¡Llegaremos hasta Medellín!
En una de las múltiples intentonas peruanas de invadirnos, se comenta que dijeron: “¡Llegaremos hasta Guayaquil!”.
La actual situación, de acusaciones y contra-acusaciones de invasiones colombianas a nuestro territorio, y de incursiones ecuatorianas a territorio colombiano, creo que debería aclararse prontamente.
Colombia no es Perú: nos llevamos aceptablemente bien con los colombianos, no tenemos rencillas históricas que empañen de un modo u otro nuestra relación y no nos interesa en lo absoluto meternos en líos con ellos por unos cuántos kilómetros de territorio traspasado, o, por ponerlo de manera histriónica: “por un ultraje a nuestra sacra heredad territorial”. Los hitos siguen en su lugar y nadie desea moverlos.
Pero, ¿cuál es el asunto de fondo? Las FARC. Incluso mi hijo de 8 años, al escuchar las noticias comentó: ¡Guau, una guerra entre 3: Ecuador, Colombia y las FARC!
Colombia incursiona en territorio ecuatoriano persiguiendo a los narco-guerrilleros, Ecuador ¿ingresa? a Colombia en su afán de avistar todavía no sabemos bien qué. Pero esto opinamos nosotros, sentados cómodamente frente a nuestra computadora, conversando con nuestro jefe colombiano (talvez no nuestro jefe, pero en muchas empresas hay ahora algún colombiano en algún cargo).
Dónde las papas queman la situación no es la misma. Policías ecuatorianos han capturado policías colombianos y policías colombianos capturaron a un policía ecuatoriano. Y la gente de la frontera, que vive esa situación, no está conforme.
Tampoco lo están los que soportan las incursiones de los guerrilleros, con sus consabidos secuestros y saqueos. Vivir con temor no es agradable. Es terrible.
Y mientras nuestra relación hermana y fraterna con Colombia se ve afectada, los colados en la fiesta (las FARC), literalmente, hacen fiesta. Ellos son los que no tienen ningún problema en traspasar la frontera, y no existen reportes formales de estas incursiones, ¿por qué?

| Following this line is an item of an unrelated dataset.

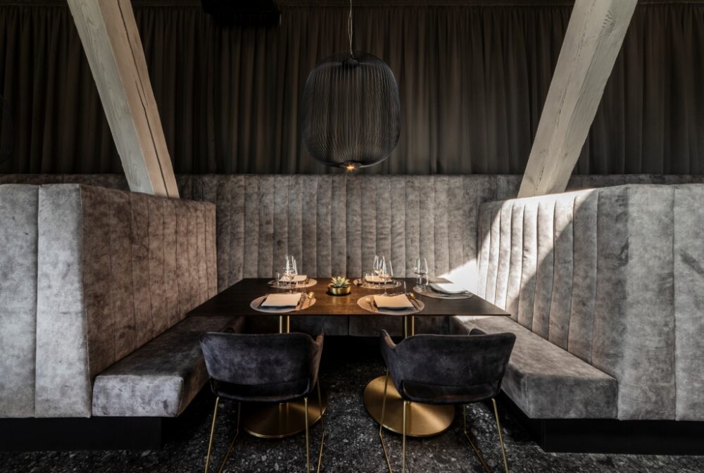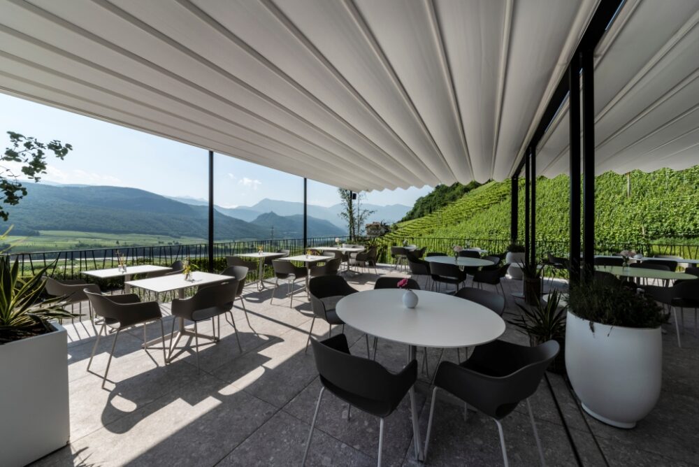 Il progetto del locale è stato curato dallo studio di architettura Bergundtal di Brunico: un elegante ingresso conduce a una grande terrazza esterna immersa nel verde e allestita con arredi Pedrali contemporanei e versatili.

Porque ello sería aceptar que el problema de los guerrilleros ya no es sólo colombiano, sino también nuestro. Que, en los hechos, así como los colombianos no han podido controlar a sus terroristas, nosotros tampoco lo estamos haciendo. Además, papá Bush nos podría estar retando (a Colombia y a nosotros) y no queremos eso. Como las peleas entre hermanos, que se lanzan cosas en la cabeza pero cuando llegan los padres se abrazan sonrientes, fingiendo que nada ha pasado.
Está además el problema de los afectados por las fumigaciones, problema que, como el asunto de las incursiones a territorio ecuatoriano, ha sido negado por el Presidente Uribe.
Creo que el mayor problema no son las incursiones colombianas (aunque éstas pueden debenerar peligrosamente), sino lo que están buscando aquí. Las incursiones de los guerrilleros deben ser cortadas de inmediato (secuestros, robos y saqueos son sus consecuencias), la pregunta es cómo.